→ **Your task**: From the top of the records below down to the line containing "Give Your Dog", reproduce every line exactly.

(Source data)
=== Section Start ===

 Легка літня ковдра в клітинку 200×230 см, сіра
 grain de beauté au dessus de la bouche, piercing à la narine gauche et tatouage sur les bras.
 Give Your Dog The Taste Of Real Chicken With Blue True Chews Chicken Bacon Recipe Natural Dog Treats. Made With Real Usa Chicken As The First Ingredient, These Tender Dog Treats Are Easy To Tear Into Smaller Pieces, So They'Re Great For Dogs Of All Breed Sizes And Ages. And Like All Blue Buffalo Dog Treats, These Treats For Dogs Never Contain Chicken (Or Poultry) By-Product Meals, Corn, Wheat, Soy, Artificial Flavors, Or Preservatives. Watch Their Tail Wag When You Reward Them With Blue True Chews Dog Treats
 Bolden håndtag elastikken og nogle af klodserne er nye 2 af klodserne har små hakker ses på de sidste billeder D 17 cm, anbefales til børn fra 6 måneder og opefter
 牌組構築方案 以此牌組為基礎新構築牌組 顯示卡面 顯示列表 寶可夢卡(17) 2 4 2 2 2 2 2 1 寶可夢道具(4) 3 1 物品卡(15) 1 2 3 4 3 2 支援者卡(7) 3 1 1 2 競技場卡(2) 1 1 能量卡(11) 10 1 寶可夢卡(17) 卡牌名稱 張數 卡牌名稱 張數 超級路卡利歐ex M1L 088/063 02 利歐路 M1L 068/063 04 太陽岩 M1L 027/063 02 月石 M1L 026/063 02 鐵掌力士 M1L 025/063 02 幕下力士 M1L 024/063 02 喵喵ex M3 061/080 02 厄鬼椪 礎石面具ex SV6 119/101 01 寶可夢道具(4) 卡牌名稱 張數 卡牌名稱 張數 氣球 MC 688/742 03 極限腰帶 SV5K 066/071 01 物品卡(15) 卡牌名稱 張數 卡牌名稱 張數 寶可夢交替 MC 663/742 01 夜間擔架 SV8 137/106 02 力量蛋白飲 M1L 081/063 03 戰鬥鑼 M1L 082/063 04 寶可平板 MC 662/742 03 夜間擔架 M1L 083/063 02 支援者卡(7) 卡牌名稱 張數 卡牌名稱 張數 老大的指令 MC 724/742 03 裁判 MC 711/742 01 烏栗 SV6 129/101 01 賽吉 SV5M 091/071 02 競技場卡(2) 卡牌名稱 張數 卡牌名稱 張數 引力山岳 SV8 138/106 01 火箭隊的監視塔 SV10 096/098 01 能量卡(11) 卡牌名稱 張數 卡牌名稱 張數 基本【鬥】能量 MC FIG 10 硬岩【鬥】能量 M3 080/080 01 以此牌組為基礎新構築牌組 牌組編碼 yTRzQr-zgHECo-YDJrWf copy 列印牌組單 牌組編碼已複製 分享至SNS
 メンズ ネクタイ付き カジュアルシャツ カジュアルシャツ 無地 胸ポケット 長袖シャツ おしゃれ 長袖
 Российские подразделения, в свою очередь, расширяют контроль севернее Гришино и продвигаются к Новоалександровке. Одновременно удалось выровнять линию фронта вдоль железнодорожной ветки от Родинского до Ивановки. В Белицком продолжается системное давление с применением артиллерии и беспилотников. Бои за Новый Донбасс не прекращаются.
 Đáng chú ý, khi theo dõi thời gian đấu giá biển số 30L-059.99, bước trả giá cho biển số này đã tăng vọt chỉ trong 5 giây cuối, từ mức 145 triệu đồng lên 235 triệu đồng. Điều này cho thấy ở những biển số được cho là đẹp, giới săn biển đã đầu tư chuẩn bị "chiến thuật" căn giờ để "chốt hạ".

=== Section End ===

→ **Exercise solution**:
 Легка літня ковдра в клітинку 200×230 см, сіра
 grain de beauté au dessus de la bouche, piercing à la narine gauche et tatouage sur les bras.
 Give Your Dog The Taste Of Real Chicken With Blue True Chews Chicken Bacon Recipe Natural Dog Treats. Made With Real Usa Chicken As The First Ingredient, These Tender Dog Treats Are Easy To Tear Into Smaller Pieces, So They'Re Great For Dogs Of All Breed Sizes And Ages. And Like All Blue Buffalo Dog Treats, These Treats For Dogs Never Contain Chicken (Or Poultry) By-Product Meals, Corn, Wheat, Soy, Artificial Flavors, Or Preservatives. Watch Their Tail Wag When You Reward Them With Blue True Chews Dog Treats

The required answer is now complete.